THREE-DIMENSIONAL PRINTING, AND ADVANCES IN SPINAL IMPLANTS
Three-dimensional (3D) printing is the most frequently utilized in preoperative planning stages, printing templates out of plastic—including but not limited to acrylonitrile butadiene styrene, acrylate resin, acrylate resin, polyamide photosensitive resin, titanium, and polylactic acid [87]. Pedicle screw templates have been printed with a 94.60% acceptable rate with cervical spine surgery [88]. These models have been proven to reduce the perioperative blood loss during complicated spinal fusion surgeries as well as reduction in fluoroscopy time, improved communication with the surgical team, and lower rates of screw misplacements [89]. Models have also shown to reduce operation time by 15%–20% through a more involved pathology (location and surgical approach) as well as facilitation of preoperative instrumentation decisions [89]. These models cost an additional $300 to over $1,000 and take between 5 hours and 2 days to create [90]. However, limitations with preoperative modeling exist ranging from lack of surgically useful information such as joint instability and a sense of real-time information as provided with imaging combined with a significant learning curve for the software and hardware required to create the models [87,88,91].
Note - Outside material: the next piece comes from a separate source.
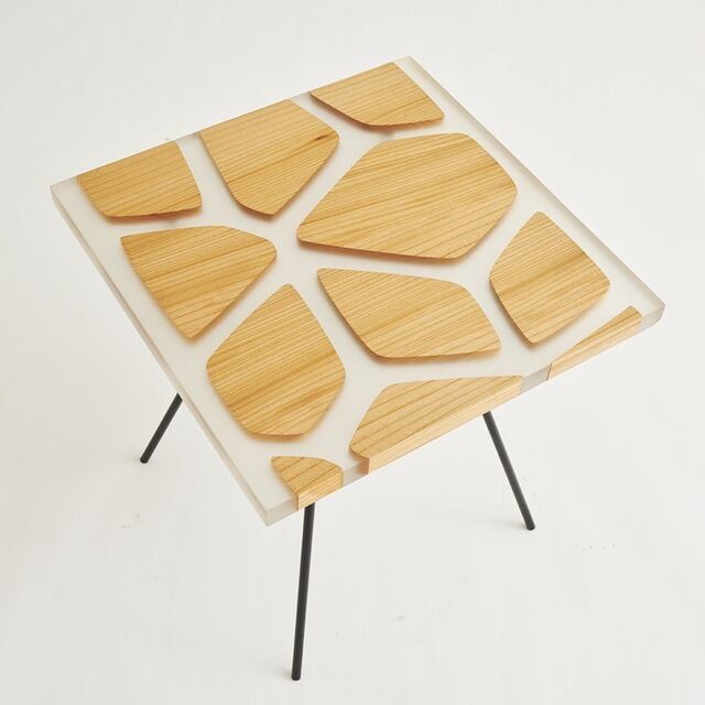 欅と樹脂を融合させたオーダーメイドのサイドテーブル

Arguably the most exciting application of 3D printing is the ability of surgeons to create specifically-designed implants for each patient. So far, a majority of the implants have been made out of titanium (TiV6Al4) due to its biocompatibility for applications ranging from C1/2 posterior fixation devices to Sacrum replacements [92-94]. However, there is an increased research effort towards 3D printing biodegradable scaffolds using a degradable polyurethane to mimic the elasticity of the intervertebral disc [95]. Tissue and bone engineering is being explored as possible alternatives to biodegradable plastics for intervertebral discs and other spinal implants [96].
CONCLUSION
Spinal implants have come a long way from the original 1890s silver wire fusion methods. Now, the standard material is either PEEK or titanium. New research is being conducted to find materials with increased bone grafting properties (by doping existing materials or developing new materials), improving strength/ Young’s modulus, and developing novel ideas to prevent further postoperative complications by improving range of motion, decreasing pain, distributing anatomic forces to decrease adjacent segment disease, and minimizing the necessity for additional spinal surgery. New developments in biomaterials for spinal implants and the advent of new technologies, like 3D printed patient-specific implants, have made incredible progress in biocompatibility of spinal tools. Spine surgeons should remain vigilant regarding the current literature and technological advancements in spinal materials and procedures.
Notes
The authors have nothing to disclose.